Scientists had a pretty good grasp on cannabinoids by the time the 1980s rolled around. They hadn’t yet figured out how cannabinoids interacted with the human body, though. 

That all changed in 1988 when the first cannabinoid receptor (later called CB1) was discovered. A second receptor, CB2, was found in 1993. 

These revolutionary discoveries led to everything we know about the endocannabinoid system today. We now know the endocannabinoid system to be a vast network of receptors and signals in the brain, spinal cord, nerve endings, and immune cells. 

The research carried out in the ‘80s and ‘90s also made it clear that the endocannabinoid system and its two receptors play vital roles in regulating pain management, movement, behaviour, mood, memory, bone growth, and inflammation. 

In short, humanity finally started to understand why the cannabinoids in marijuana and industrial hemp plants have effects. Research into the medicinal potential of cannabis started picking up steam at the same time.

5. 1990s: A Powerful Movement Leads to Important Legal Changes 

While scientists continued to explore the medicinal power of cannabis, legislators across the world also had their hands full in the 1990s. California became the first US state to allow medical marijuana in 1996 under the Compassionate Use Act. 

The European Union passed the Novel Food Regulation a year later. These regulations subjected all foods that weren’t widely used before 1997 to undergo strict assessments. Cannabidiol wasn’t added to the list until 2019. The UK’s Food Standards Agency established similar regulations declaring CBD a novel food at the same time.

6. 2013: CNN Airs the Documentary ‘Weed’

CNN aired a controversial documentary simply called “Weed” in 2013. It followed the story of Matt and Paige Figi and their twins. Young Charlotte, diagnosed with a rare form of epilepsy called Dravet Syndrome, suffered from terrifying seizures that were successfully treated with CBD oil. 

The US Food and Drug Agency approved the CBD-based prescription medication Epidiolex just a few years later, in 2018. The move offered hope to people suffering from rare seizure disorders. 

7. 2018: The United States Passes the Farm Bill

The US Farm Bill made it into US law in 2018, legalising the cultivation of industrial hemp.

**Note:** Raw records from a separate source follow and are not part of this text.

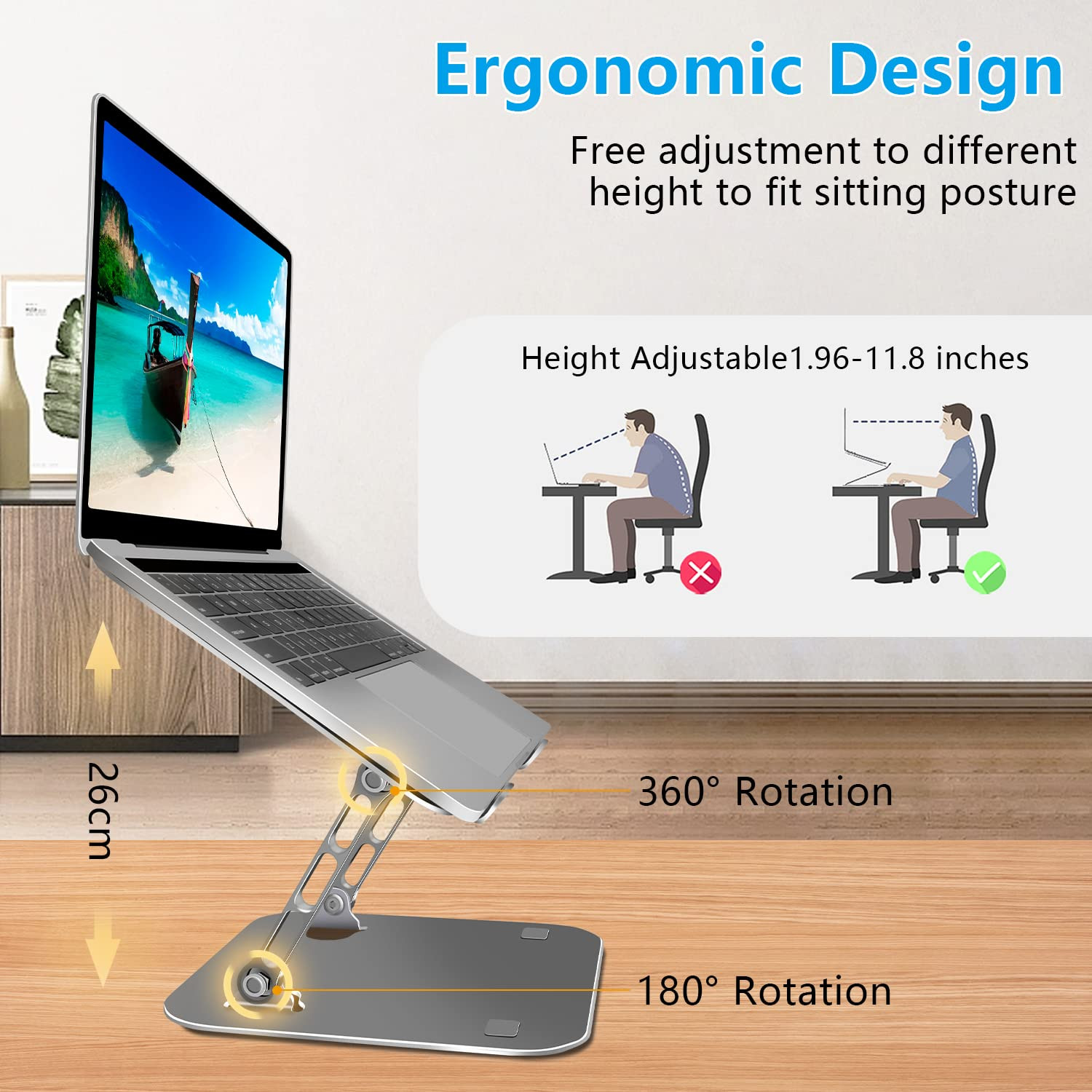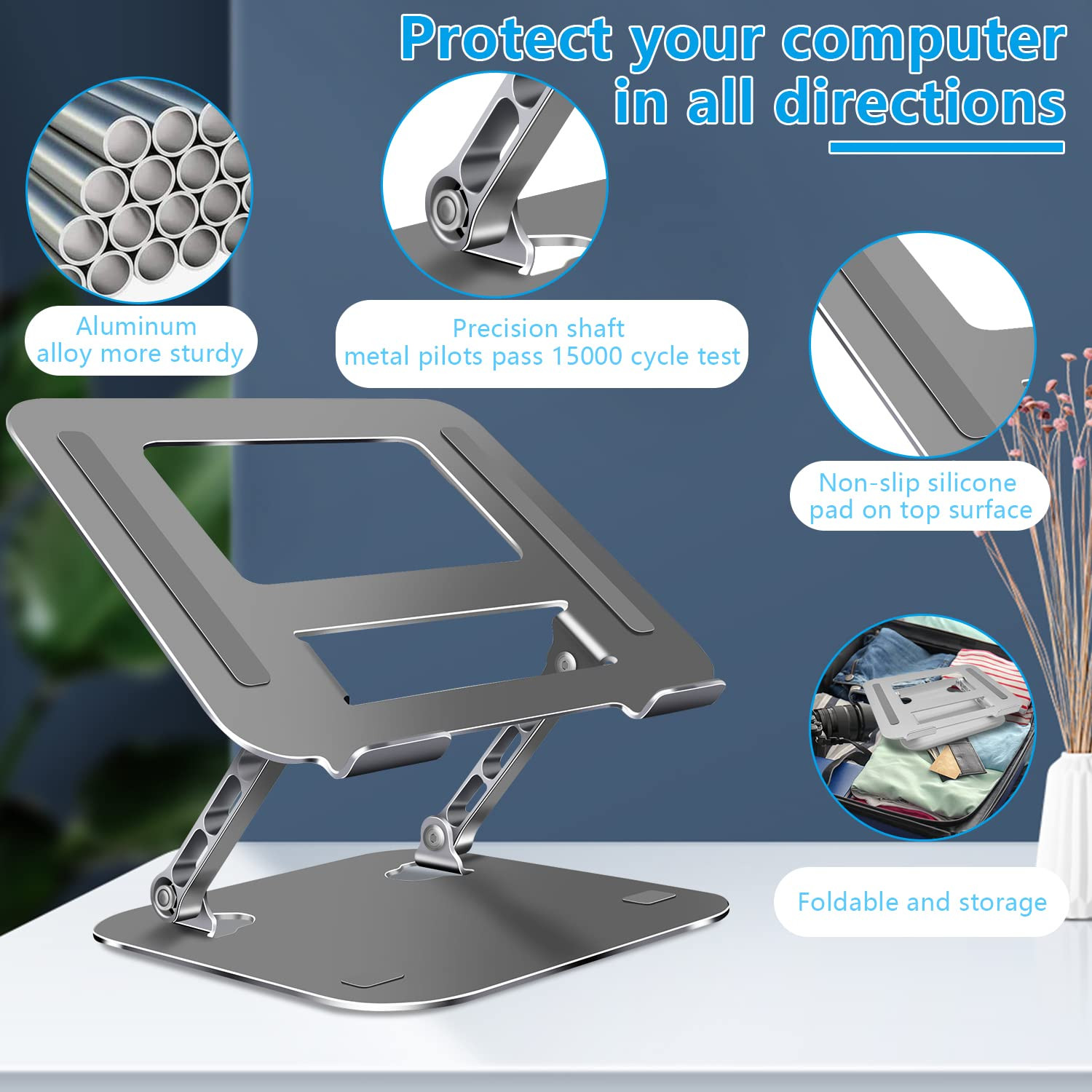 [Lightweight Design with Excellent Stability] The entire laptop stand is made of high quality aluminum alloy and the lightweight design makes it approximately 20% lighter than the conventional laptop stand in the same series, making it convenient to carry and use on the go Ergonomic Design] The MacBook stand holder works as a raiser to elevate the laptop screen to your eye level. This Laptop Stand could be adjustable in height and angle of your laptop for your better ergonomics to minimize neck fatigue, say goodbye to neck pains [Keep Laptop Cool] While it is made of thick and solid, it has a large hole in the center so you can put your laptop or other things that are concerned about heat dissipation. Silicone rubber non-slip pads are attached to the upper and lower sides (grounding and computer side) grounding surface to prevent slippage and provide stability. The structure also allows space under the PC stand to expand documents or store the keyboard when not in use [Broad Compatibility] The folding design allows for space saving storage.The laptop stand fits a variety of laptops, compatible for MacBook/ Macbook Pro/ Lenovo/ HP laptops up to 16 inches, etc. [Correct Use of Tools] The laptop stand only needs to be adjusted by hand, and the package comes with a reinforced nut tool, so please keep it in a safe place for future use. It can effectively prevent the product from loosening due to frequent adjustment, ensuring the durability of the product.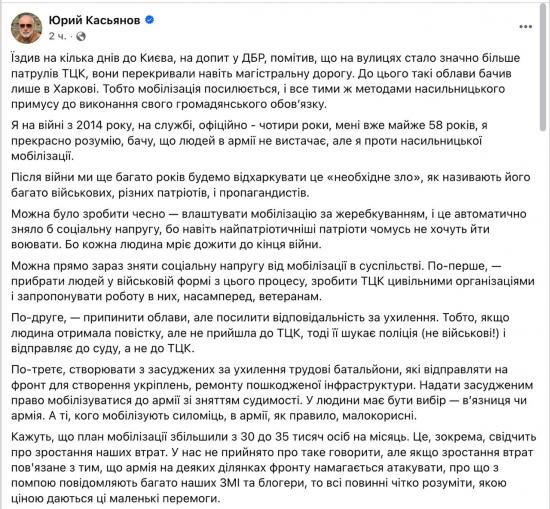 «То есть мобилизация усиливается, и всё теми же методами насильственного принуждения к выполнению своего гражданского долга. После войны мы еще много лет будем отхаркивать это «необходимое зло», как называют его многие военные, разные патриоты и пропагандисты», - пишет Касьянов.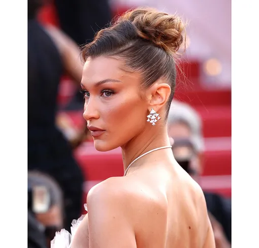 По 90-м сходит с ума Белла Хадид — в последние месяцы все ее прически вдохновлены именно тем временем. Советуем не отставать и выходить в свет с «пучком выпускницы» — волосами, заколотыми от шеи наверх.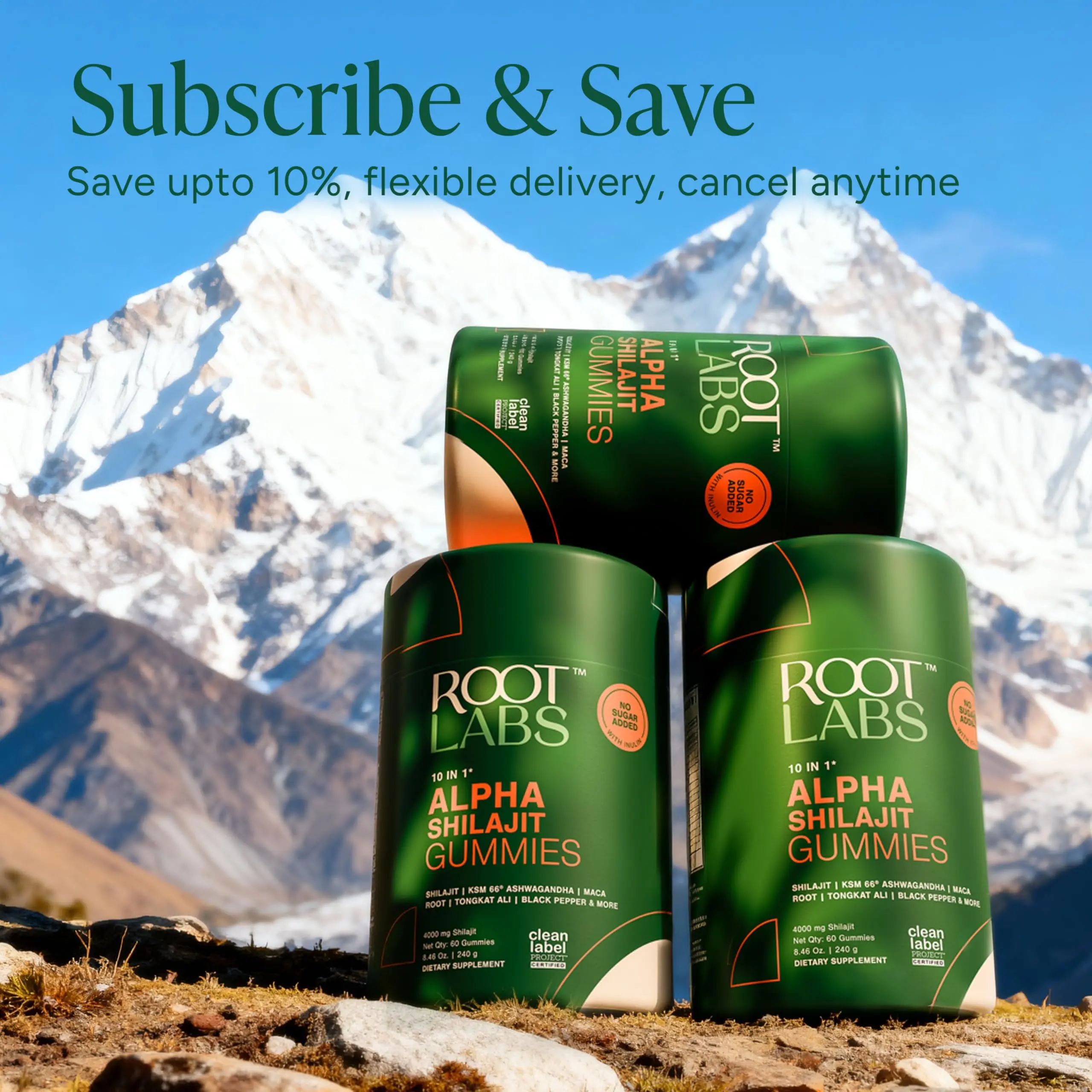 Start 2026 Strong with Root Labs' Alpha Shilajit Gummies — the perfect New Year new you companion for achieving your 2026 fitness goals and health transformation. This New Year New You edition delivers the same steady energy, calm focus, and everyday vitality Root Labs has been known to deliver in a zero-sugar, vegan format. Support your New Year's resolution with a supplement people will actually stick with—each gummy combines fulvic-rich Himalayan shilajit (4000 mg) with KSM-66 ashwagandha, tongkat ali, maca, and trace minerals — individually wrapped for on-the-go convenience as you transform into a healthier, stronger version of yourself.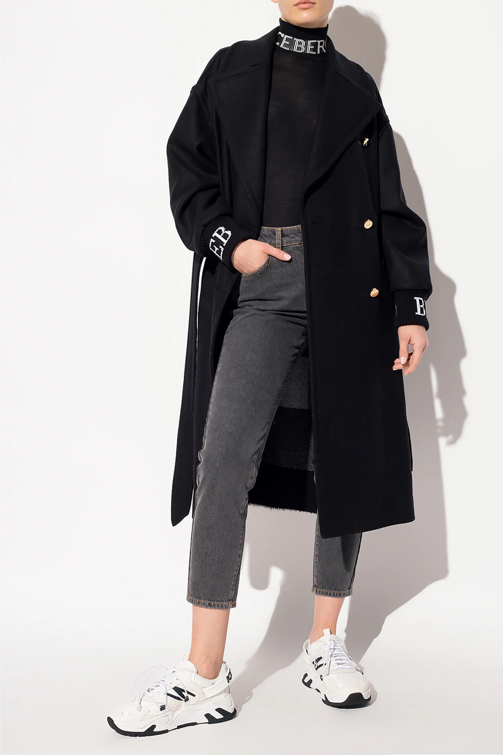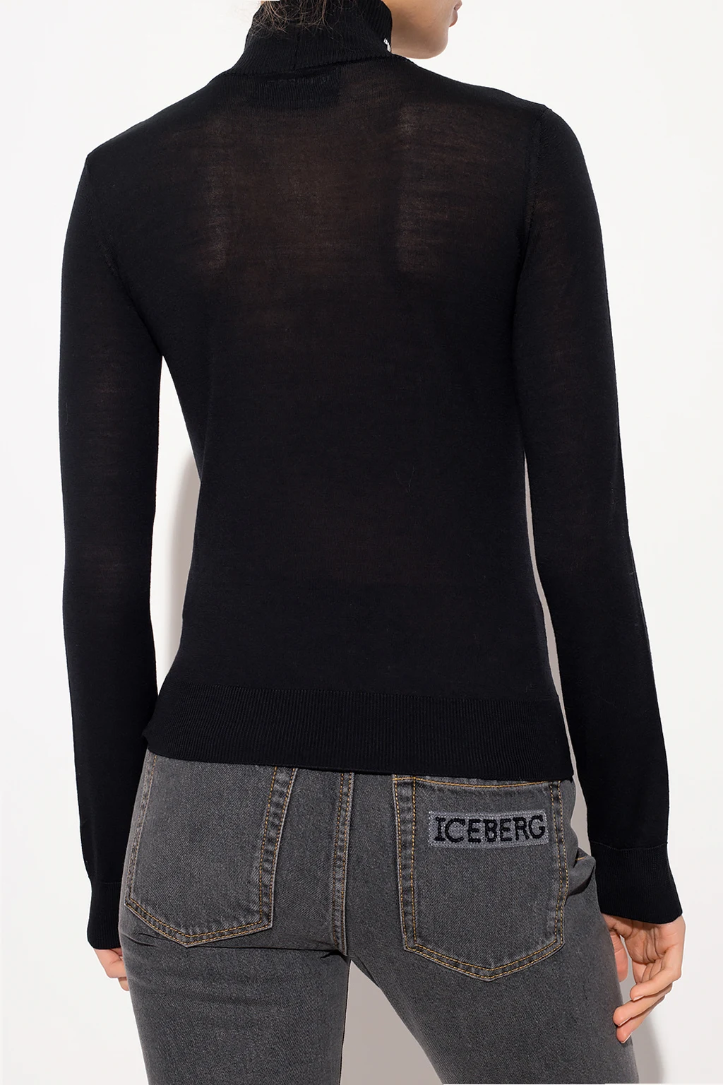 Black turtleneck sweater from Iceberg. Crafted from a sheep and alpaca wool blend, this garment features white logo embroideries on the sleeves and ribbed trims.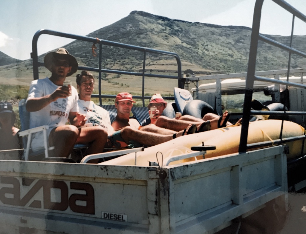 When I got home, this is what I wrote in my diary: “Tragic news. Scatters car went off the road on the way back from Fish. His brother and Hennie die. Scatter and Dorne in hospital”. The service that Friday was beyond words. This was a very sad and dark time for many and for me it’s impossible to drive that stretch of road or go on a trip to the Fish without remembering. I never knew Scatters brother Gavin Slater, a man whose passion was flying, but most paddlers knew Henry (Hennie) Spradbury. He was the founder member of the ‘Hillbillies,’ a bunch of Potch High old boys that included Scatter, Raz (not from Potch) and Donald Morrison, who terrorised the social side of Jo’burg paddling. They used to arrive at the local Croc races in the Winsome Valley straight from a Saturday night party and were generally unplayable. At Dusi in 1991 I found Hennie somewhere on day 2 with a very tired looking old flat bladed paddle. He told me that he had swum and lost his paddle and then thought he was about to be slaughtered when a few locals had arrived with assegais and told him not to move until their comrade returned. He waited as told and a young man returned with an old paddle they had found some years before – with that Hennie’s fear turned to friendship as he was able to finish the day and his second Dusi. I always loved that tale. RIP boys.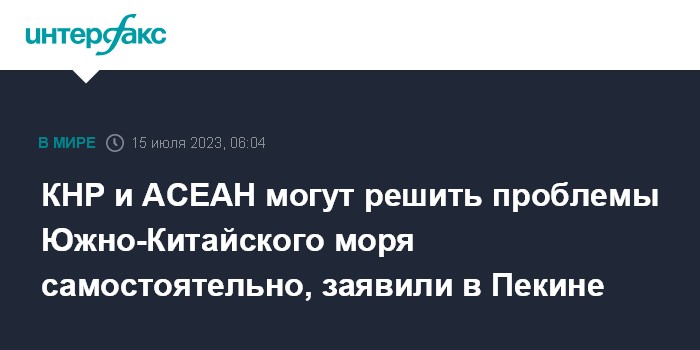 КНР и АСЕАН могут решить проблемы Южно-Китайского моря самостоятельно, заявили в Пекине

Industrial hemp is defined as Cannabis sativa plants with a THC content of 0.03 per cent or less in the United States, and hemp is also naturally high in CBD. This low THC content doesn’t result in a high, and the new legislation made CBD products available on the open market.

The World Health Organisation published a critical review on cannabidiol in the same year, discussing its potential medicinal benefits and noting that CBD products do not appear to have an abusive potential. 

CBD’s Long and Exciting Journey: A Final Word

The story of cannabidiol began thousands of years ago when the first people started using cannabis as a source of nutrition and medicine. Our ancient forebears knew nothing about chemistry, of course, but they relied on a primitive form of herbal medicine. 

Cannabidiol wasn’t discovered and isolated until the 1940s, by which time cannabis was already illegal in many jurisdictions. However, further research slowly helped cannabis “out of the naughty corner” and into the limelight. 

As CBB’s role as a non-psychoactive cannabinoid became clearer, commercial CBD products started appearing across the globe in the 2010s. That process continues to this day, along with questions about CBD’s regulation. 

Still, CBD has made its way into the lives of many Britons, who can now freely enjoy cannabidiol as a novel food product and an integral part of their wellness routines. 

Where will CBD go from here? Only time will tell! If history is a good judge, though, cannabidiol’s story may only just be beginning.